When I was in high school I got a Commodore 64 for Christmas one year. I had already taught myself Basic and a bit of Assembly from the TRS-80 and really learned a lot more about Assembly on the C64 (Basic was very limited, if you really wanted to make the thing do stuff you needed to jump to Assembly code). I also got to play around with some Commodore Pets and a Honywell 64 Mainframe with some summer classes.

In college I played around with the Apple II (which was a bit dated by then) and I had a Commodore 128. I also learned a lot of stuff on the school’s Vax 11/780 cluster and took my first formal Assembly classes on PDP-11 clones (Digital Pro 350 - it could run as a Vax or a PDP depending on how you booted it).

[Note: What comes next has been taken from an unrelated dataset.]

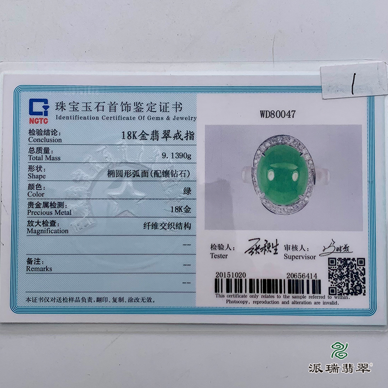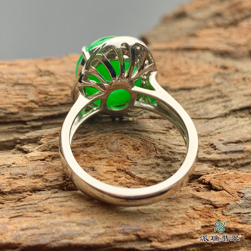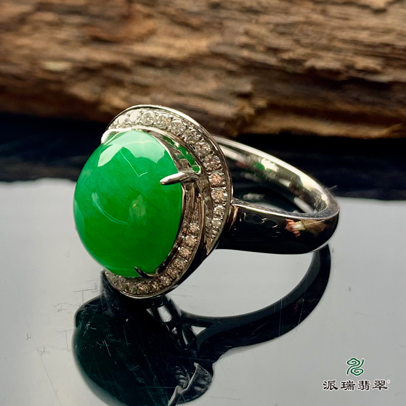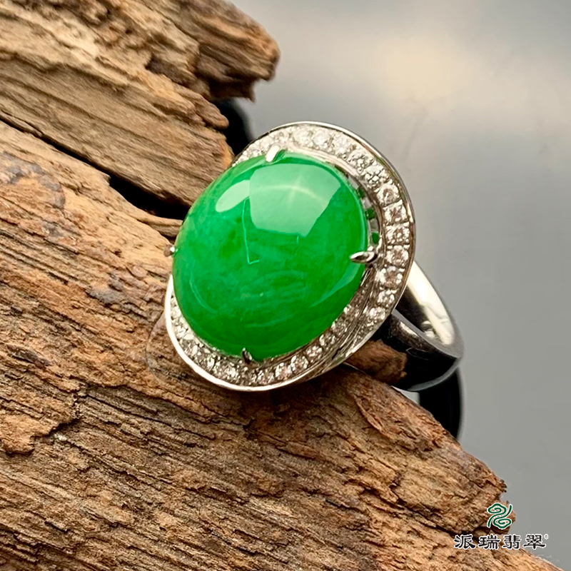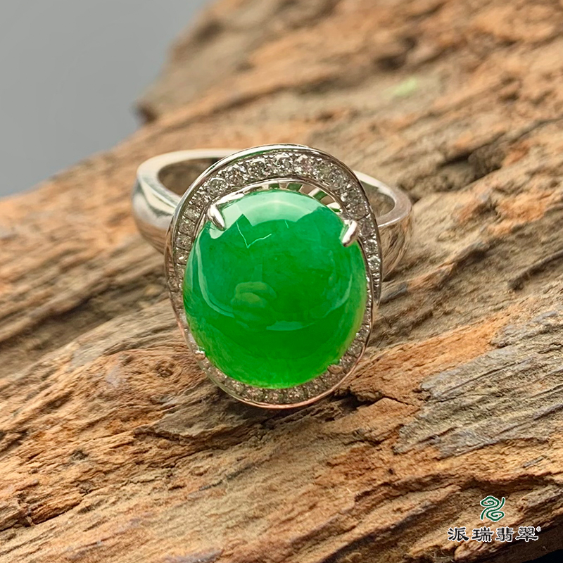 派瑞翡翠 18k金翡翠戒指 糯种 阳绿

After college I transitioned to PCs.

Oh, and one other thing I’m reminded of–back when I was in high-school, there was a system where you could research courses available at (in-state only IIRC) colleges. It was a teletype with an acoustic coupler modem and a box of track-feed paper.

A one-hour demonstration of the Atari ST GUI by the tech guy at my father’s school was enough to prepare me for all user-level tasks. Early 90s, I was 10 or 11.

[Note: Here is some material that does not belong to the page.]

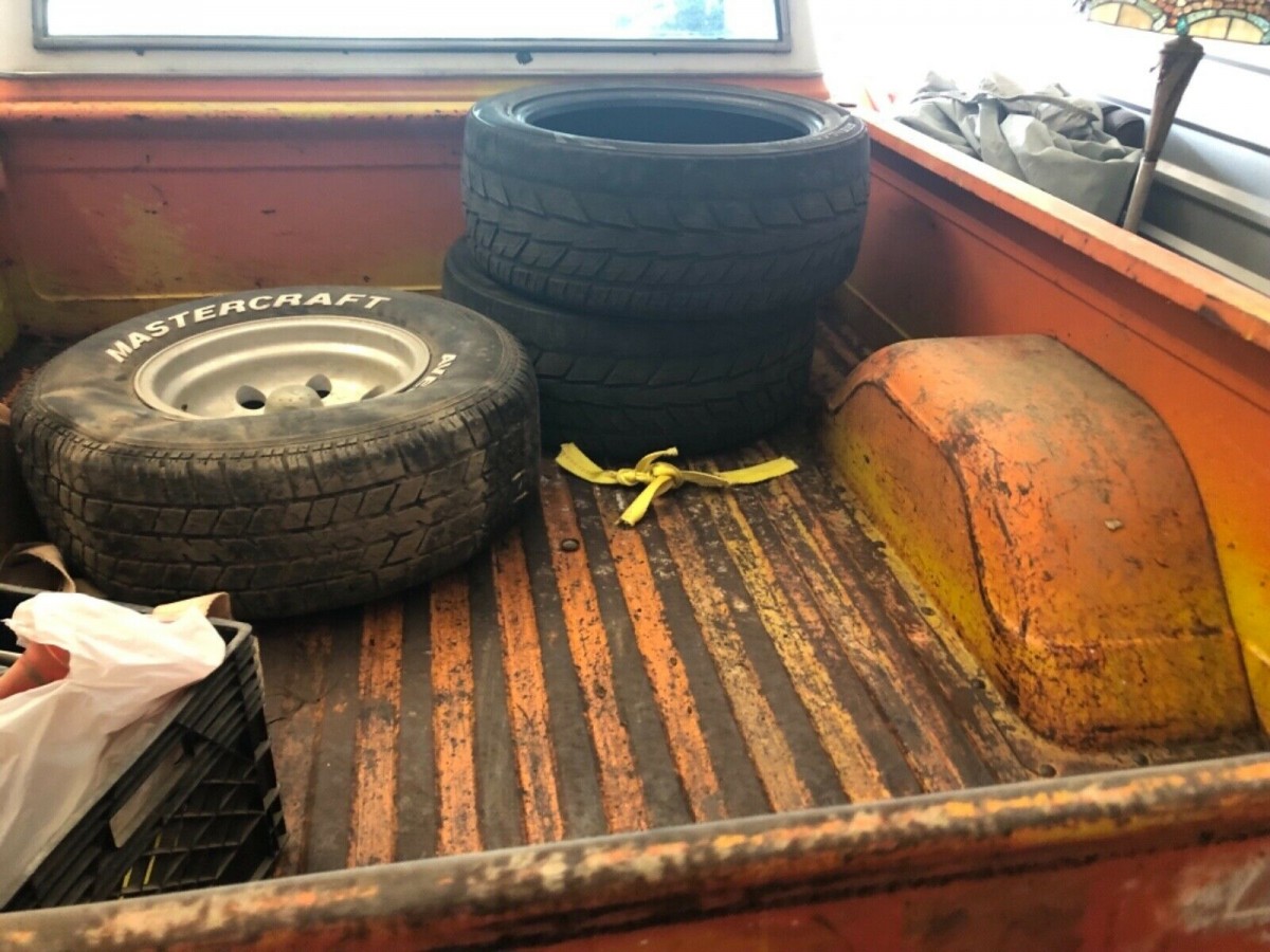 The bed of the truck has some surface rust, but looks to be complete. There is no word if the random oddities in the bed come with the truck. It has a low aggressive stance and at this price, would be a fantastic project.

Mid 50s. My father was in “data automation” which is what computer science was called by the DoD in those days. I knew about computers since forever. My father would use punch cards for note paper.

The first computer I actually touched would have been in junior high? Kids could get free accounts at the local university. I didn’t do much with it. My first computer class was in 11th grade in the late 70s. We had an acoustic coupler to connect to the mainframe. Don’t remember the model.

Our family had an Atari 400 or 800 when it first came out.

My friend had one of the original Macintosh computer in late '84 or early '85 and I quickly went all Mac until 2000 when I changed jobs and was required to learn Windows.

As a EE, we were required to study BASIC, FORTRAN, and assembly language.

I studied the Macintosh Bible quite rigorously and knew the Mac inside and out, although I haven’t touched it for 17 years now so it’s obviously dated. I never got as interested in Windows.

I’m 63. In 1973, I took an introductory programming class in FORTRAN IV - that was my first computer experience. In the mid-70s, I took another FORTRAN class as part of my engineering curriculum - ah, the joys of punch cards!! The university was just getting individual terminals, too, but they were mostly used by the computer science majors. When I got my first engineering job, I did CADD work on a Computervision mainframe system, and eventually, they switched to AutoCAD on PCs.

In the mid-80s - my husband and I bought a Commodore 64 - our first home computer. I honestly don’t remember much about it. Eventually, we got a PC at home - the first in a series. Now we have 2 PCs and 2 laptops for 2 people, except when one of the cats sits on my keyboard.